1. The impact of the film? Emotions? Sombre story?
2. The title, the dance, the moves and steps, the visuals of the dance with the older people, with Jonathan illustrating the steps, with Michael dancing with Dafna?
3. The structure of the film, three acts, approximately 40 minutes each? The opening and the vehicle going along the desert road, the ending and its meaning?
4. Part one: the news of Jonathan’s death, the military coming to the door, Dafna and her collapse, Michael and his impassive reaction? Definitely given the injection? Michael dazed, then angry, the devastation, aspects of panic? His being given water, the advice to drink every hour, setting the alarm and it’s going off? The officials, doing their duty, Jonathan killed in the line of duty? Michael and his demands, their responses, their not being to blame? The arrival of his brother, helping, touching and Michael’s reaction, Michael reacting against advice to calm down? The brother preparing the death notice? Michael, the tension, fondness for the dog, kicking it brutally? Going to see his mother, her wanting him to tuck in his shirt, checking whether she knew who he was and who Jonathan was? The talking, German, proper, thinking she was talking to his brother? The scene where he came into the hall and the older couples dancing the foxtrot? Alma, the phone call, her arrival? The man coming to arrange the funeral, Michael wanting to see the body, that this was not possible? The new news, the mistake, Dafna very happy, Michael saying she was not herself? His further demands, wanting to see his son’s body?

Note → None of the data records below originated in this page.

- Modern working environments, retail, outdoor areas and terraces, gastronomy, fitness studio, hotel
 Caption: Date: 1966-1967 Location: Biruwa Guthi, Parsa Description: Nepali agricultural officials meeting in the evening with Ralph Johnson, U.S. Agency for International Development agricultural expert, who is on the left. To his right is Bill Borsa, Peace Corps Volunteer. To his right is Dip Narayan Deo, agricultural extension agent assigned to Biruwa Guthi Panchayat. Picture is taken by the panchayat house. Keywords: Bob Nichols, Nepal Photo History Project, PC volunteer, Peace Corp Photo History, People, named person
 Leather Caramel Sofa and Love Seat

5. Part two: the outpost, its code name of Foxtrot? Desert, isolation, barren? The squad, the young men, the military service? Jonathan is part of the group? The talk in conversation, the accommodation of the bunks, computer games, Jonathan falling, rolling the can down the floor, talking about the hut sinking? The visuals of water seeping through the soil? The rain? The irony of the camel walking on the road, raising the barrier and lowering it? The irony for what was to happen? Work at the outpost, the couple in the car, being courted, the rain cringing them, the images and the visual clearance? The arrival of the group, cheeky, the serious girl, they’re being cleared, her dress caught in the door, the opening, the Cannes falling out, calling out grenade, the gunfire and deaths? The bulldozer, the deep hole, the bearing and covering of the car? The official coming, his saying that the episode had not happened, their doing their duty? Releasing Jonathan? The men in their discussion about the foxtrot, Jonathan and his steps and his dancing?

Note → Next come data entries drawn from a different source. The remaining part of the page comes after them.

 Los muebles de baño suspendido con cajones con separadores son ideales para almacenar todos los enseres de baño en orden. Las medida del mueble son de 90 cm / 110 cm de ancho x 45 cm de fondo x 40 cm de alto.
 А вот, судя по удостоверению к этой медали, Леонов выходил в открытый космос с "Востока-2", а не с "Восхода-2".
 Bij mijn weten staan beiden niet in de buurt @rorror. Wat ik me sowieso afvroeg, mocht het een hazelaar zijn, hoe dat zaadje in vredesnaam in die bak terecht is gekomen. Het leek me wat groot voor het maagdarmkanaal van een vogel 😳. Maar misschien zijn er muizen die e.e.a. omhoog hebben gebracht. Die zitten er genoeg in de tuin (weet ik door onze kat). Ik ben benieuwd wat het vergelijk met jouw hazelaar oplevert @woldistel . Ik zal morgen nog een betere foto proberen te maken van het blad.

6. Part three: the animation, Jonathan sketches, the story of his father? The slow movement in this part, the importance of close-ups, the long silences? Dafna and her making the cake, Jonathan’s birthday, the alienation between Dafna and Michael? Her throwing out Jonathan’s things? The picture of the bulldozer in the car on the wall? Who was the bulldozer, the car, Michael Dafna? Audiences realising the news of Jonathan’s actual death? The tribute, the ceremony, the program, national anthem, coffee and cake? Michael silent, morose, the tensions? Dafna and her isolation? The cigarettes, the marijuana, smoking, talking, remembering the past, the apartment in the centre of the sea? This story, her pregnancy, not wanting Jonathan, the issue of abortion or not, a loving Jonathan, even more than Alma? Their life, becoming closer? Alma arriving, watching her parents, the piece of cake? Alma rebuking Michael about the brutality towards Max? Giving him the cake? Alma, the phone call, leaving? The couple reflecting on death?
7. The animated book, Jonathan sketches, his father story, the visuals of Michael’s mother, her stroke, hospital, the concentration camp number? The six themes?
8. The reality of death, in this Israeli context, military service?
9. The irony the pathos of the camel on the road in the car crash, going over the cliff?
10. The film and its portrait of ways of grieving?